----- WORKING DATA

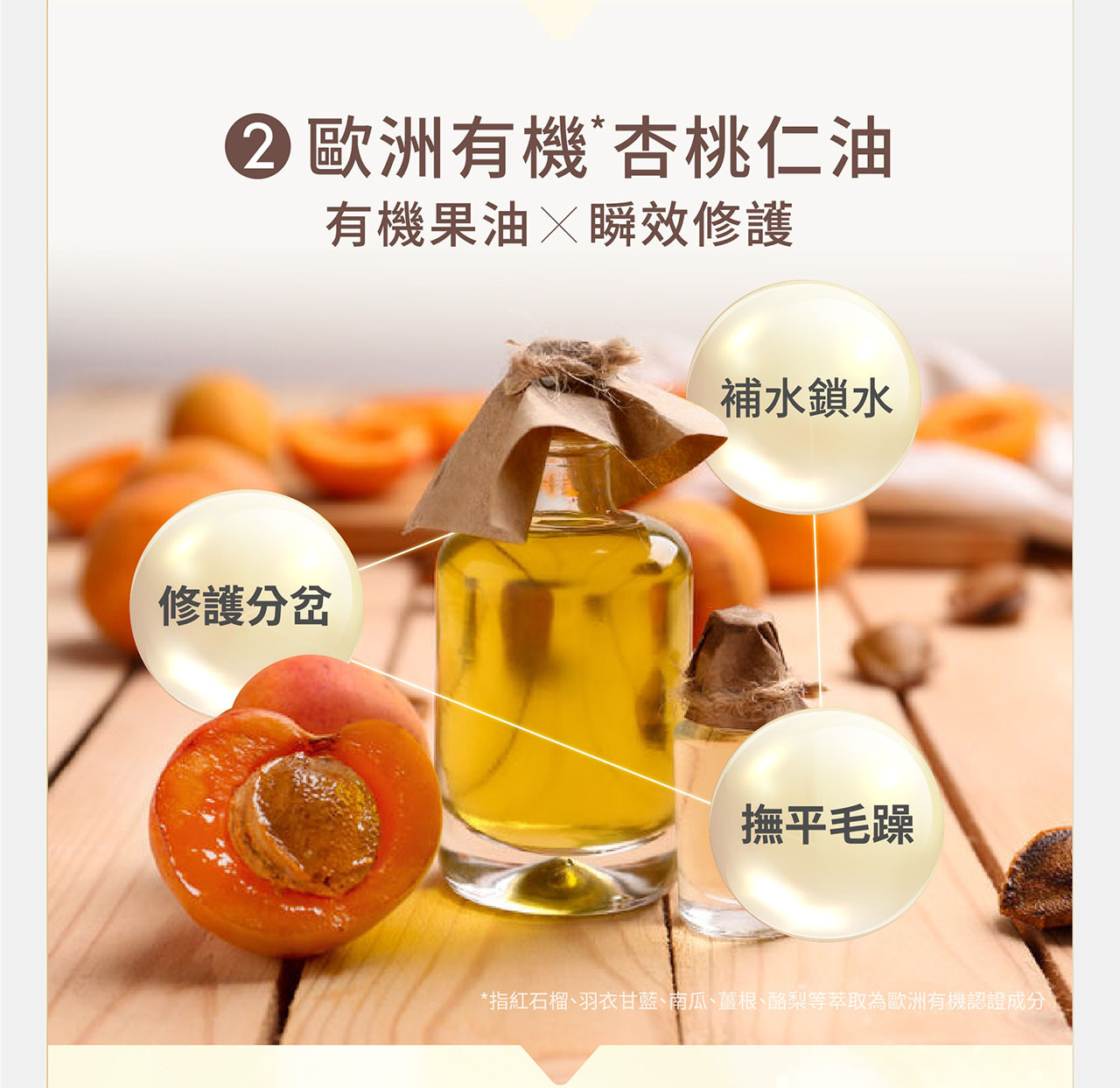 使用Ecocert有機認證的天然、非基改「酪梨果油」及「摩洛哥堅果油」,有效滋養潤澤毛躁受損髮芯,使秀髮柔順健康閃耀。毆盟Cosmos認證「甜菜根」具有保濕和豐富的維生素,有助於恢復彈性,對抗熱傷害並維持髮色光澤。添加超級綜合維他命B3、B5 、C、E、B6等豐富維他命,從髮根開始注入營養,維持頭皮健康,增加髮絲強韌度。
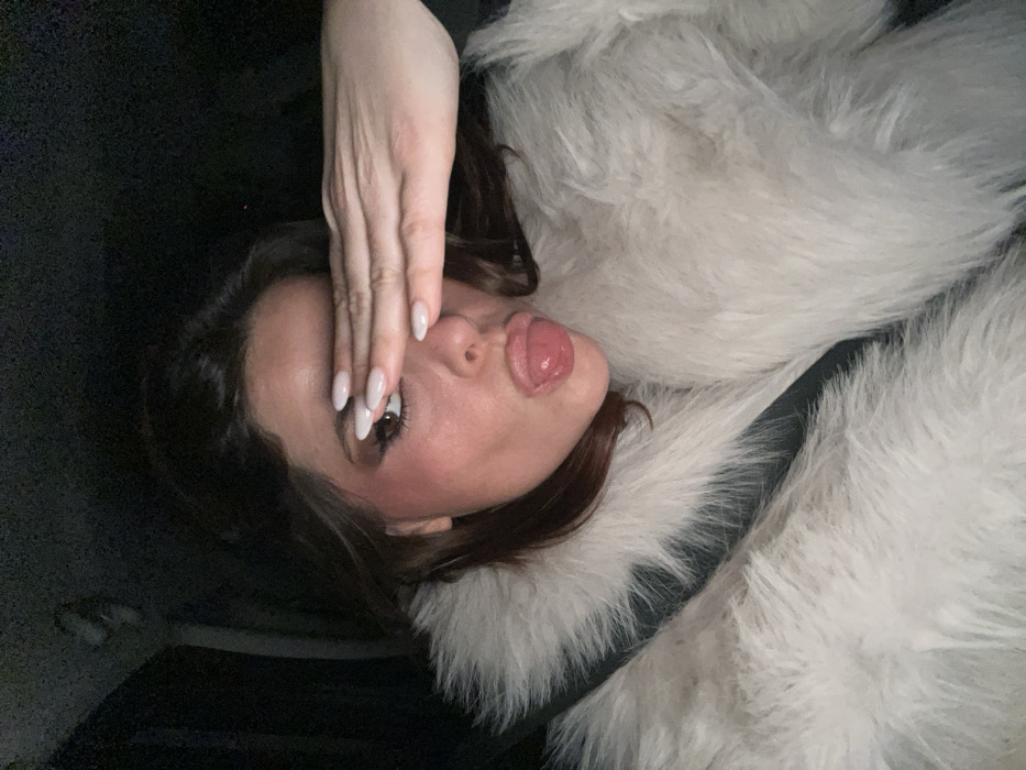 A woman reclines, wearing a fluffy, white fur coat and a black seatbelt. She playfully sticks out her tongue and covers one eye with her hand, showcasing long, white nails. She has brown hair and brown eyes. The photo is taken at an angle, and the background is dark.
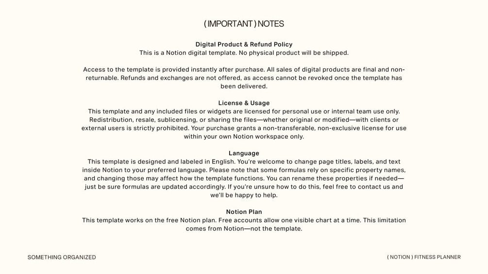 This template is designed and labeled in English. You’re welcome to change page titles, labels, and text inside Notion to your preferred language; however, please note that some formulas rely on specific property names, and changing those may affect how the template functions.
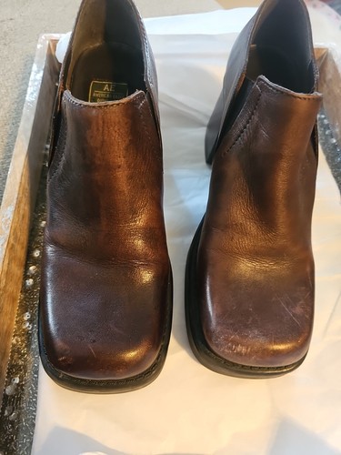 The product is a pair of vintage 1977 American Eagle Outfitters chunky platform shoes in size 9. These shoes are a nostalgic piece of women's footwear from the late 1970s, showcasing a retro style with a chunky platform design. The American Eagle brand adds a sense of authenticity and Americana to the shoes, making them a unique and stylish addition to any vintage clothing collection. Please notice the places on the heel of the shoes, it is very small but wanted to picture it.
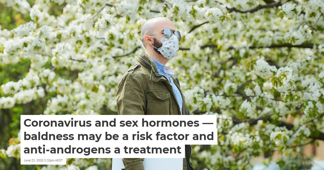 薄毛がCOVID-19の重症化リスクと関係しているのは、男性型脱毛症に影響を与えるアンドロゲンという男性ホルモンが原因だとみられています。新型コロナウイルスが細胞に侵入する際に重要な役割を果たすタンパク質分解酵素「II型膜貫通型セリンプロテアーゼ(TMPRSS2)」はアンドロゲン受容体と結合すると活性化するため、男性ホルモン・アンドロゲン受容体・TMPRSS2が多いほど、COVID-19が重症化する確率が高まると考えられます。アンドロゲンとCOVID-19関連性について調べたカリフォルニア大学とイェール大学の研究も、血中のアンドロゲン濃度が高いほどCOVID-19の感染確率・重症化確率が高いと結論付けています。 (抜粋)

----------

_WHAT NEEDS TO BE DONE_: Retype each line above exactly and leave out any picture.

_FINISHED EXERCISE_:
 使用Ecocert有機認證的天然、非基改「酪梨果油」及「摩洛哥堅果油」,有效滋養潤澤毛躁受損髮芯,使秀髮柔順健康閃耀。毆盟Cosmos認證「甜菜根」具有保濕和豐富的維生素,有助於恢復彈性,對抗熱傷害並維持髮色光澤。添加超級綜合維他命B3、B5 、C、E、B6等豐富維他命,從髮根開始注入營養,維持頭皮健康,增加髮絲強韌度。
 A woman reclines, wearing a fluffy, white fur coat and a black seatbelt. She playfully sticks out her tongue and covers one eye with her hand, showcasing long, white nails. She has brown hair and brown eyes. The photo is taken at an angle, and the background is dark.
 This template is designed and labeled in English. You’re welcome to change page titles, labels, and text inside Notion to your preferred language; however, please note that some formulas rely on specific property names, and changing those may affect how the template functions.
 The product is a pair of vintage 1977 American Eagle Outfitters chunky platform shoes in size 9. These shoes are a nostalgic piece of women's footwear from the late 1970s, showcasing a retro style with a chunky platform design. The American Eagle brand adds a sense of authenticity and Americana to the shoes, making them a unique and stylish addition to any vintage clothing collection. Please notice the places on the heel of the shoes, it is very small but wanted to picture it.
 薄毛がCOVID-19の重症化リスクと関係しているのは、男性型脱毛症に影響を与えるアンドロゲンという男性ホルモンが原因だとみられています。新型コロナウイルスが細胞に侵入する際に重要な役割を果たすタンパク質分解酵素「II型膜貫通型セリンプロテアーゼ(TMPRSS2)」はアンドロゲン受容体と結合すると活性化するため、男性ホルモン・アンドロゲン受容体・TMPRSS2が多いほど、COVID-19が重症化する確率が高まると考えられます。アンドロゲンとCOVID-19関連性について調べたカリフォルニア大学とイェール大学の研究も、血中のアンドロゲン濃度が高いほどCOVID-19の感染確率・重症化確率が高いと結論付けています。 (抜粋)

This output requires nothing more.